They call them “gliders,” but these move through water instead of air. Two new robotic gliders, which are autonomous underwater vehicles, powered by changes in their own buoyancy or by different temperature layers in the ocean, will be tested operationally off Southern California this winter. Both gliders were developed with support from the Office of Naval Research (USA), which is interested in such systems because they offer the Navy and Marine Corps potential tools for collecting data about regions of the ocean necessary for mine countermeasures and other tasks important to expeditionary warfare.
The Slocum Glider, developed by Webb Research (Massachusetts), uses a heat engine that draws energy from the ocean thermocline - a layer where the ocean’s temperature changes rapidly - the boundary between the warmer water above and the cooler waters below. The glider cycles thousands of times between the surface and a programmed depth, getting the energy it needs to change its buoyancy from the heat flow of the surrounding water. This long-range deep ocean glider is designed to cruise for five years in a vertical zig-zag from the surface to depths of about 5,000 feet and back. As it does so it measures salinity and temperature, plots currents and eddies, counts microscopic plants, and even records “biological” sounds like whale songs.
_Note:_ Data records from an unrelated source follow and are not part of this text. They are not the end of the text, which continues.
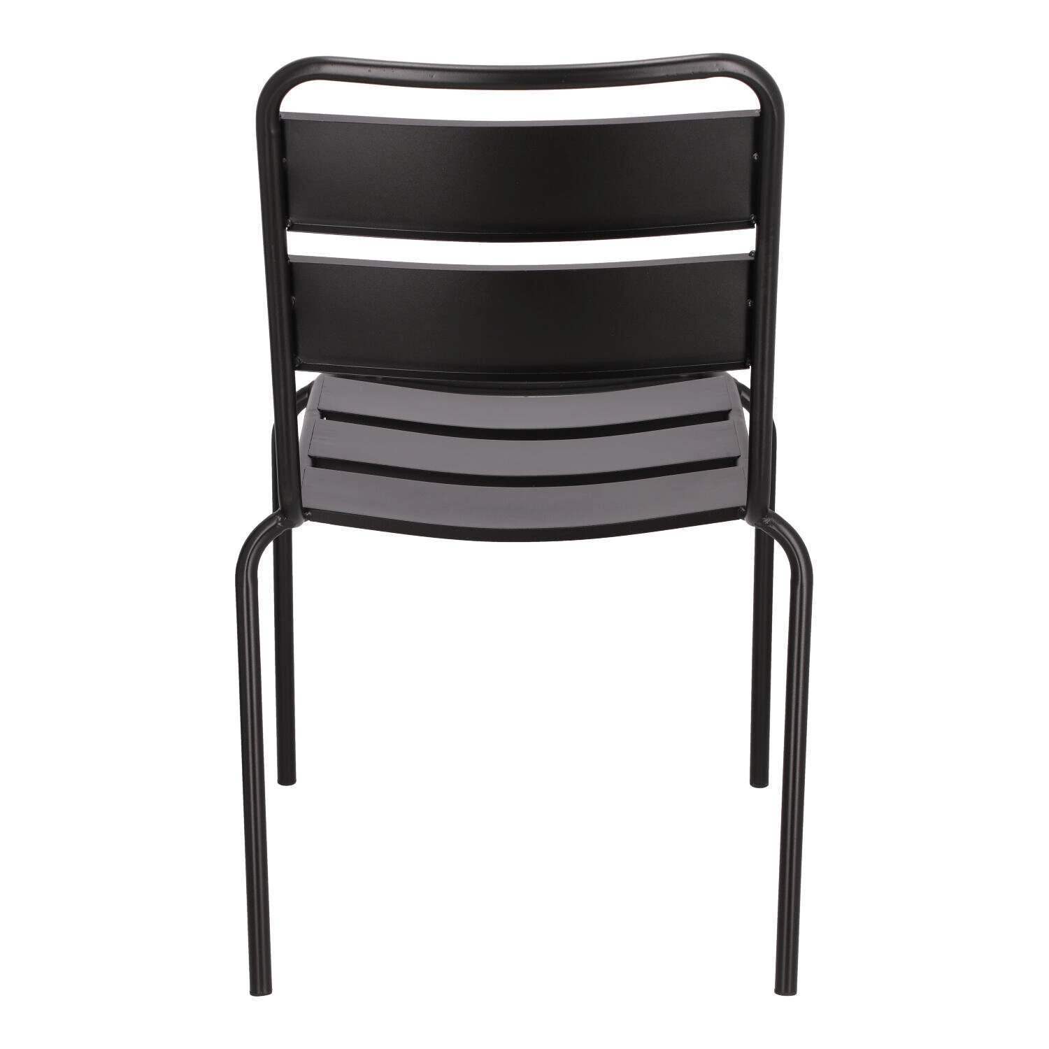 - Poziome pasy metalu na siedzisku i oparciu gwarantują wygodę i nowoczesny wygląd.
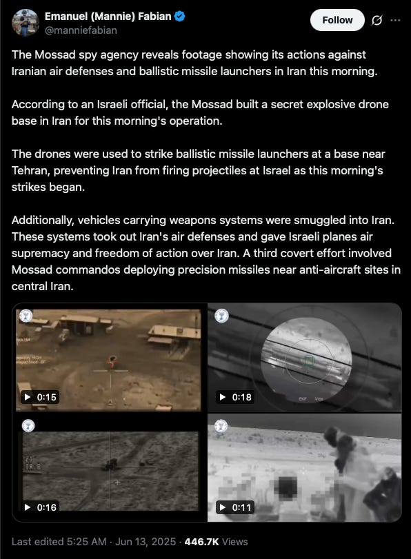 On 12 June 2025, literally eleven days later, Israel launched a shock-and-awe strike on Iranian targets—particularly nuclear research facilities and leadership in the Iran Revolutionary Guard Corps. This happened literally last night at time of writing, so details on the ground are scarce.
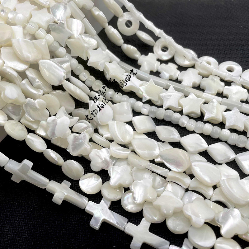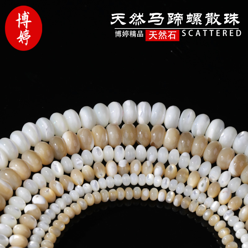 天然马蹄螺贝壳隔片散珠diy饰品配件白色本色贝壳圆片算盘隔珠
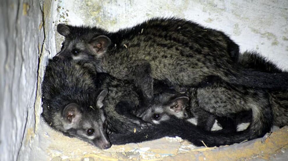 कोरबा। कटघोरा वनमंडल के मुढ़ाली गांव में एक दुर्लभ एशियन पाम सिविट (Asian palm civet) और उसके पांच बच्चों को वन विभाग और नोवा नेचर वेलफेयर सोसाइटी की संयुक्त टीम ने सुरक्षित रेस्क्यू किया। सिवेट मां अपने बच्चों के साथ गांव के एक घर की धान की कोठी में रह रही थी।
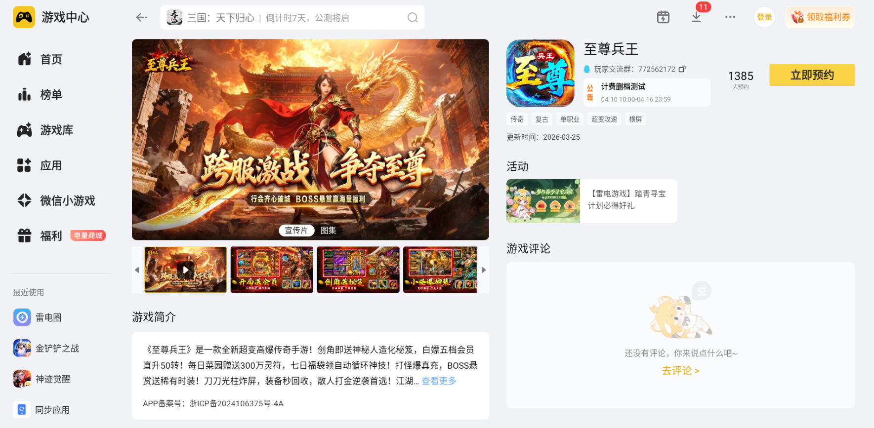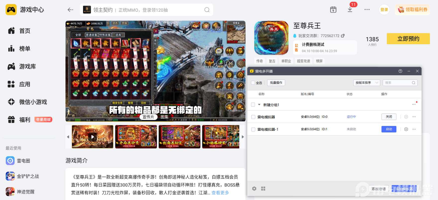 在这里,小编推荐大家选择雷电模拟器。大家直接前往雷电模拟器官网,下载对应电脑系统的安装包,然后在模拟器内的雷电游戏中心找到至尊兵王,点击对应的预约按钮,按照页面提示完成预约操作,就能提前锁定游戏上线后的电脑端游玩资格,轻松开启大屏游戏体验。

The second robot, developed by the University of Washington Applied Physics Laboratory, is called a Seaglider. It is propelled by buoyancy control and wing lift to alternately dive and climb along slanting glide paths. It dead reckons underwater between Global Positioning System (GPS) navigation fixes it obtains at the surface, and so glides through a sequence of programmed waypoints. It transmits data and receives commands via satellite data telemetry when it exposes an antenna above the sea surface for a few minutes between dive cycles. Seaglider has enough range to cross an entire ocean basin in missions that last months, all the while diving and rising between the surface and waters as deep as 3500 feet. It can be launched and recovered manually from a small boat with a crew of two, and so doesn’t rely on costly ships for its deployment. Seaglider collects high resolution pro-files of physical, chemical, and bio-optical properties of the ocean.